*** Opening of WORKING DATA ***
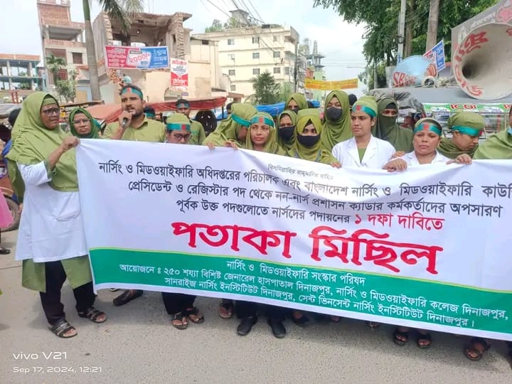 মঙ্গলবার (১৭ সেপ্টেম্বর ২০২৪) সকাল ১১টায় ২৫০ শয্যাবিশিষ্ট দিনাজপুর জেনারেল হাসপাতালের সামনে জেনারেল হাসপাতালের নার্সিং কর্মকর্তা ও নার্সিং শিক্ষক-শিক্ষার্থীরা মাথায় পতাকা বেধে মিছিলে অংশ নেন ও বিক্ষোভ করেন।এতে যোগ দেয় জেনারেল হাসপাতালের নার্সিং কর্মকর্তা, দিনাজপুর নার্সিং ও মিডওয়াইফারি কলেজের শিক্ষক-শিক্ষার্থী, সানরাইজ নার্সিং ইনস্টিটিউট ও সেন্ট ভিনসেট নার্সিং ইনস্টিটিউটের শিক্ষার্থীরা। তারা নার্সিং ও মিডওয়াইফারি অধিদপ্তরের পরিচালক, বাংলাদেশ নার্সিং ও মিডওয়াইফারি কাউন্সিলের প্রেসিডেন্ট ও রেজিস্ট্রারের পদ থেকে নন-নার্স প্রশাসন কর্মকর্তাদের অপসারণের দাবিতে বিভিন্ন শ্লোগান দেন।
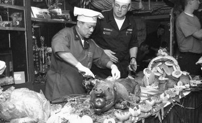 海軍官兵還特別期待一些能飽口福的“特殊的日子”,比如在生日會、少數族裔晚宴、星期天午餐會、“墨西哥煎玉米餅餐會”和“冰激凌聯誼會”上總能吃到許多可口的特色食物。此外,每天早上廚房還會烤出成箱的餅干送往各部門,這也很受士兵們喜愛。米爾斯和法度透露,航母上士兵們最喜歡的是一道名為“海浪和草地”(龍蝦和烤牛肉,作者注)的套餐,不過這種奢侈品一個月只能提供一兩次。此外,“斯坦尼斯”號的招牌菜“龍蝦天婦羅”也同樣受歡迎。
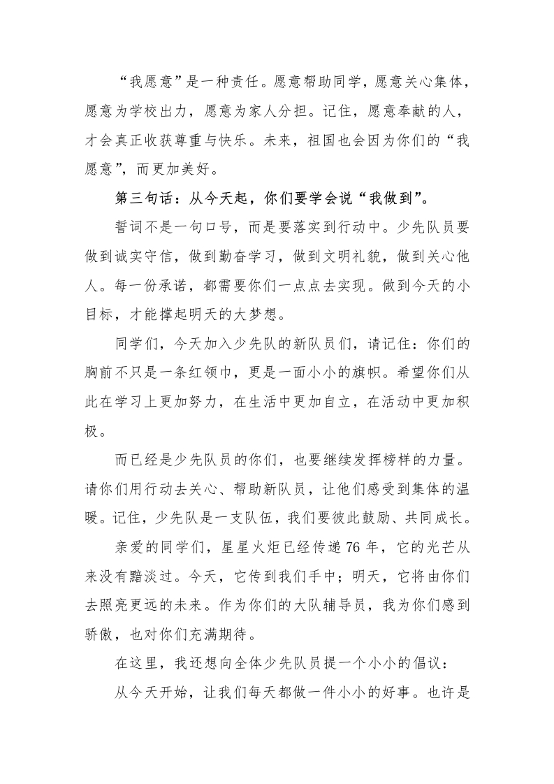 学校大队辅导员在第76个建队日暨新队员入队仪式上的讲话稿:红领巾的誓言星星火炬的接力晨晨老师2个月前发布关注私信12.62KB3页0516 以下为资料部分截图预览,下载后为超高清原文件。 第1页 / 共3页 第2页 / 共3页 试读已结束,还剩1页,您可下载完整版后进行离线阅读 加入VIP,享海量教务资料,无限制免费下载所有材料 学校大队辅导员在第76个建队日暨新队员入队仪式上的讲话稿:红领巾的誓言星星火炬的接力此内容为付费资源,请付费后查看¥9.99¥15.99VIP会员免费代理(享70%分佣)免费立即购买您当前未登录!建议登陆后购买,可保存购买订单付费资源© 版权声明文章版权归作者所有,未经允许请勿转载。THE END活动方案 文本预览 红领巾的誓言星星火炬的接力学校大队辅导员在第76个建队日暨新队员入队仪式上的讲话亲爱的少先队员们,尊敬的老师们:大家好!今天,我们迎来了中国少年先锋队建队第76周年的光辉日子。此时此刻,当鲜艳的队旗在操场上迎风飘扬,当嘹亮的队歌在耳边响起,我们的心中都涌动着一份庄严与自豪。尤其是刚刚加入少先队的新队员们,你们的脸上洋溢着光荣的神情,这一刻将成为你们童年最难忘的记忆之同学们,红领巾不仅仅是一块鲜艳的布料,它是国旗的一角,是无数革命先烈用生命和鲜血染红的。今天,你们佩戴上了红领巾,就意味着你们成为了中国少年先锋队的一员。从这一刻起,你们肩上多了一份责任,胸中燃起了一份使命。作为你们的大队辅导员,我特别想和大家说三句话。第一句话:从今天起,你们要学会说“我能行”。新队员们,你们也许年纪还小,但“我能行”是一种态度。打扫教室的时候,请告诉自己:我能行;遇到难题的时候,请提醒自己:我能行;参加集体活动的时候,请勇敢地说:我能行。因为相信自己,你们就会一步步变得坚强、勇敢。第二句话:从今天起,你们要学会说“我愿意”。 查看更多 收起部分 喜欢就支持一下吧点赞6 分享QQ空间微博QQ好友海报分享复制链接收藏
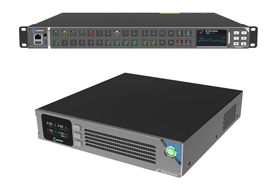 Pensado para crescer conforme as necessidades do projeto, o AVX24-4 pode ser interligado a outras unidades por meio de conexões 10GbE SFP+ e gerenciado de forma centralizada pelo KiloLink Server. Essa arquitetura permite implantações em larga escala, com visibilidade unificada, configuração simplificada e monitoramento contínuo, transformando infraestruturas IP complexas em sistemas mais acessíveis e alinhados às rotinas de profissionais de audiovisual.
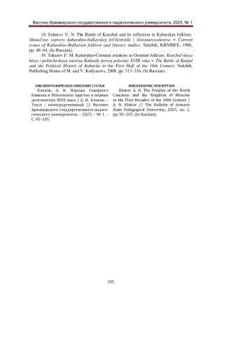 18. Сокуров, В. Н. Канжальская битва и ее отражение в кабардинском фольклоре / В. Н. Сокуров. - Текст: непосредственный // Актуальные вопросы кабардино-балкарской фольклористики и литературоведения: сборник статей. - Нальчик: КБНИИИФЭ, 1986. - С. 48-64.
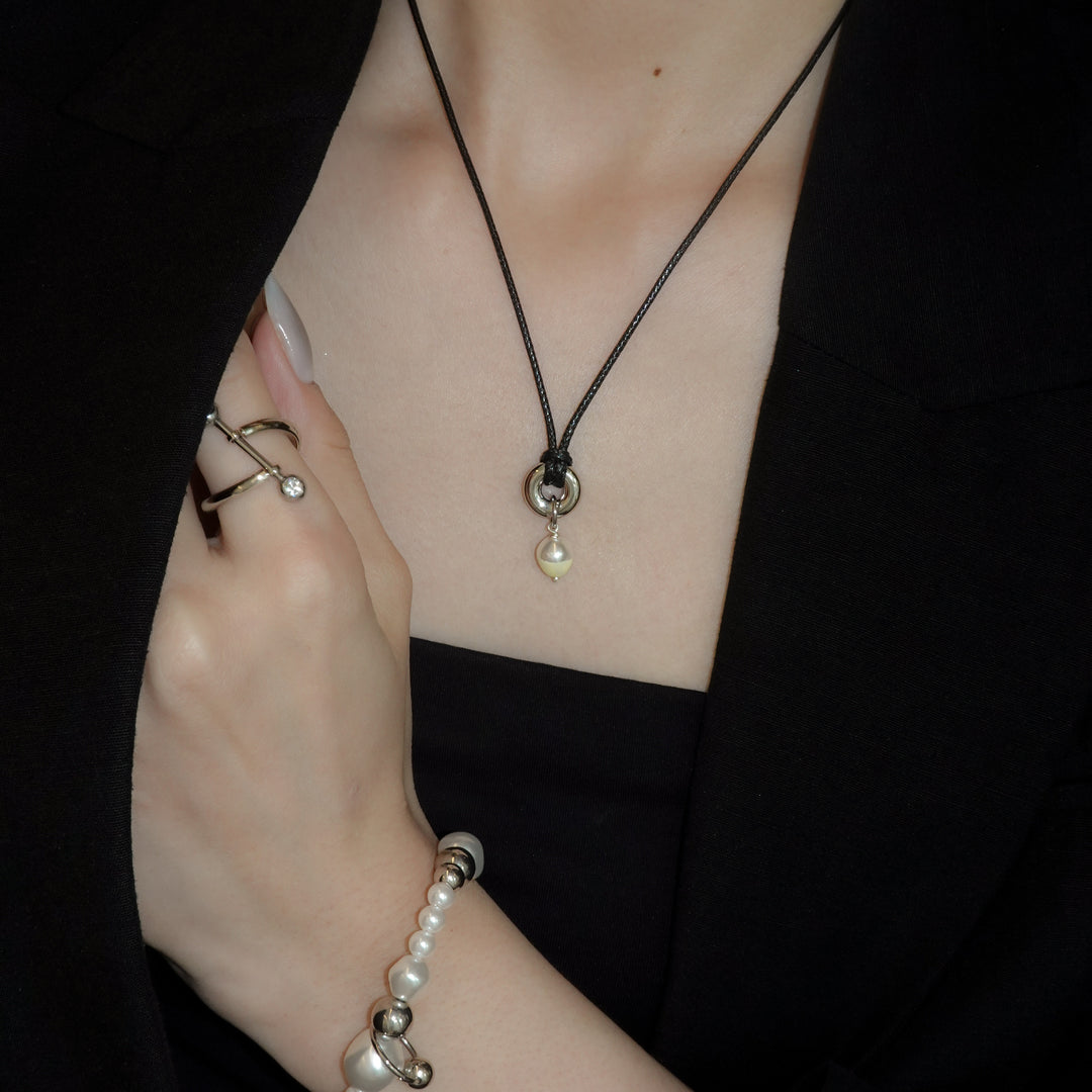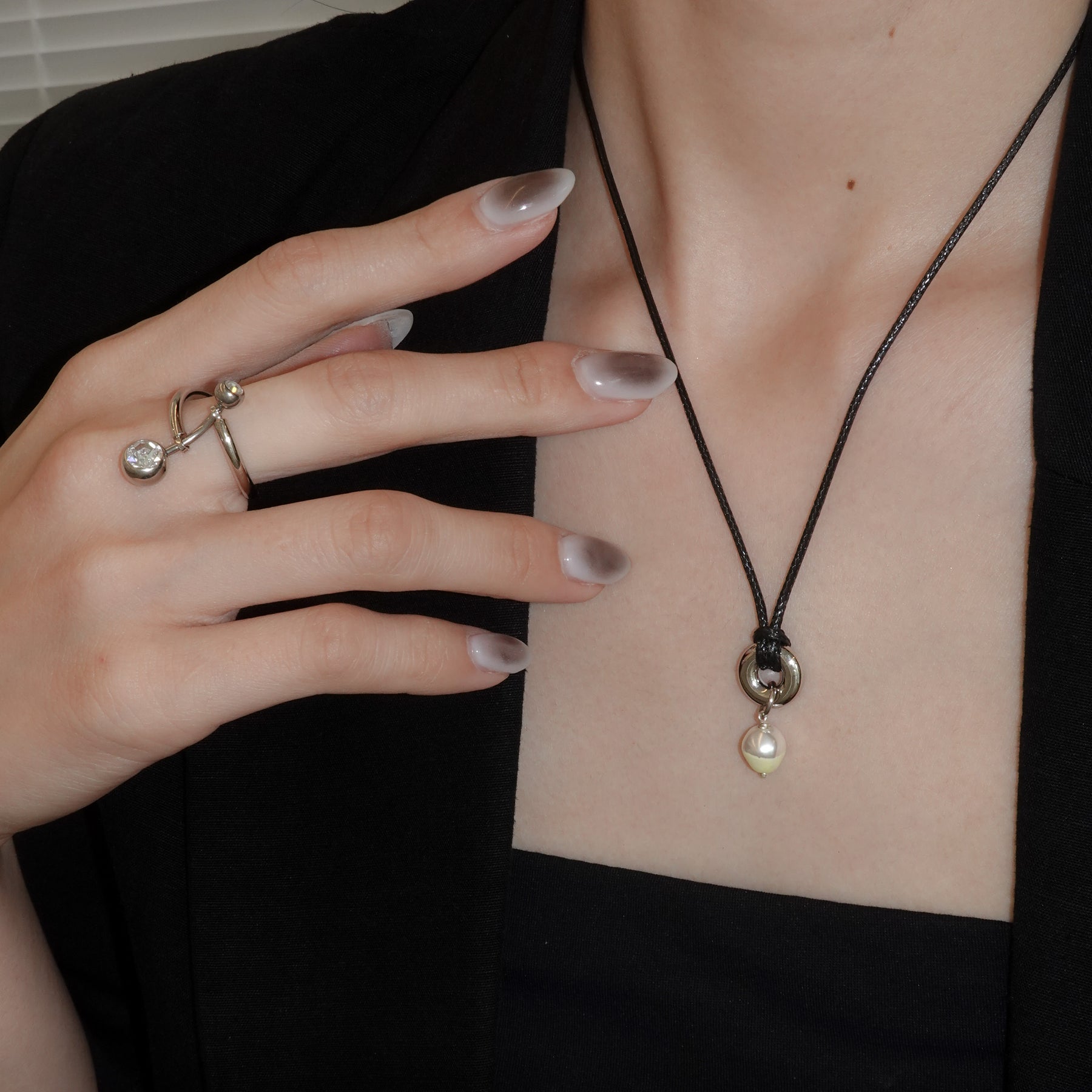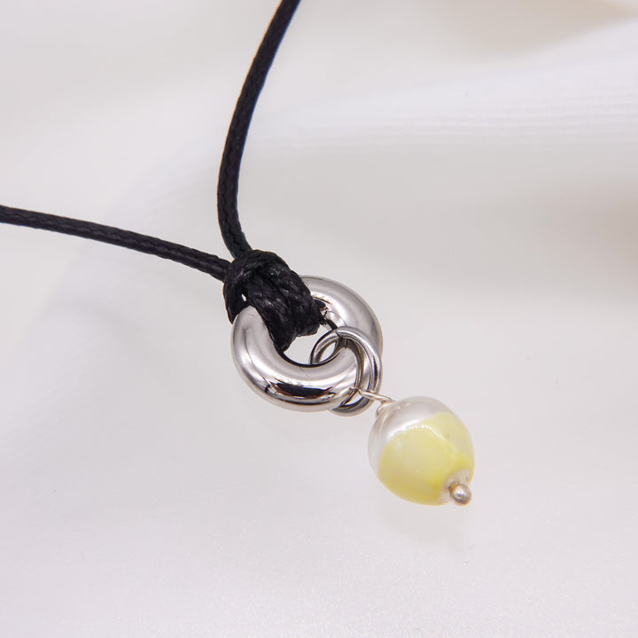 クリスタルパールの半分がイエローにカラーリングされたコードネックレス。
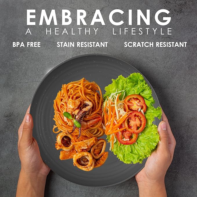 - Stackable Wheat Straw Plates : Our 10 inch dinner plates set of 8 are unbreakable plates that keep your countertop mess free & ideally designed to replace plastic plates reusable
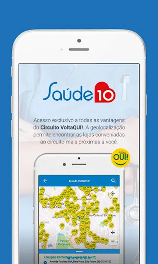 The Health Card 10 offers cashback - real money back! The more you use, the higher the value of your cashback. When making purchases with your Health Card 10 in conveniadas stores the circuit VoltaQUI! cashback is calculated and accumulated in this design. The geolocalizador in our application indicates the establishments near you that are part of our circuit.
*** Close of WORKING DATA ***
* **ABOUT THIS EXERCISE**: Nothing but the lines from the beginning of the material above through the line containing "海軍官兵還特別期待一些能飽口" should appear in the answer, copied exactly and free of pictures.

* **EXPECTED ANSWER**:
 মঙ্গলবার (১৭ সেপ্টেম্বর ২০২৪) সকাল ১১টায় ২৫০ শয্যাবিশিষ্ট দিনাজপুর জেনারেল হাসপাতালের সামনে জেনারেল হাসপাতালের নার্সিং কর্মকর্তা ও নার্সিং শিক্ষক-শিক্ষার্থীরা মাথায় পতাকা বেধে মিছিলে অংশ নেন ও বিক্ষোভ করেন।এতে যোগ দেয় জেনারেল হাসপাতালের নার্সিং কর্মকর্তা, দিনাজপুর নার্সিং ও মিডওয়াইফারি কলেজের শিক্ষক-শিক্ষার্থী, সানরাইজ নার্সিং ইনস্টিটিউট ও সেন্ট ভিনসেট নার্সিং ইনস্টিটিউটের শিক্ষার্থীরা। তারা নার্সিং ও মিডওয়াইফারি অধিদপ্তরের পরিচালক, বাংলাদেশ নার্সিং ও মিডওয়াইফারি কাউন্সিলের প্রেসিডেন্ট ও রেজিস্ট্রারের পদ থেকে নন-নার্স প্রশাসন কর্মকর্তাদের অপসারণের দাবিতে বিভিন্ন শ্লোগান দেন।
 海軍官兵還特別期待一些能飽口福的“特殊的日子”,比如在生日會、少數族裔晚宴、星期天午餐會、“墨西哥煎玉米餅餐會”和“冰激凌聯誼會”上總能吃到許多可口的特色食物。此外,每天早上廚房還會烤出成箱的餅干送往各部門,這也很受士兵們喜愛。米爾斯和法度透露,航母上士兵們最喜歡的是一道名為“海浪和草地”(龍蝦和烤牛肉,作者注)的套餐,不過這種奢侈品一個月只能提供一兩次。此外,“斯坦尼斯”號的招牌菜“龍蝦天婦羅”也同樣受歡迎。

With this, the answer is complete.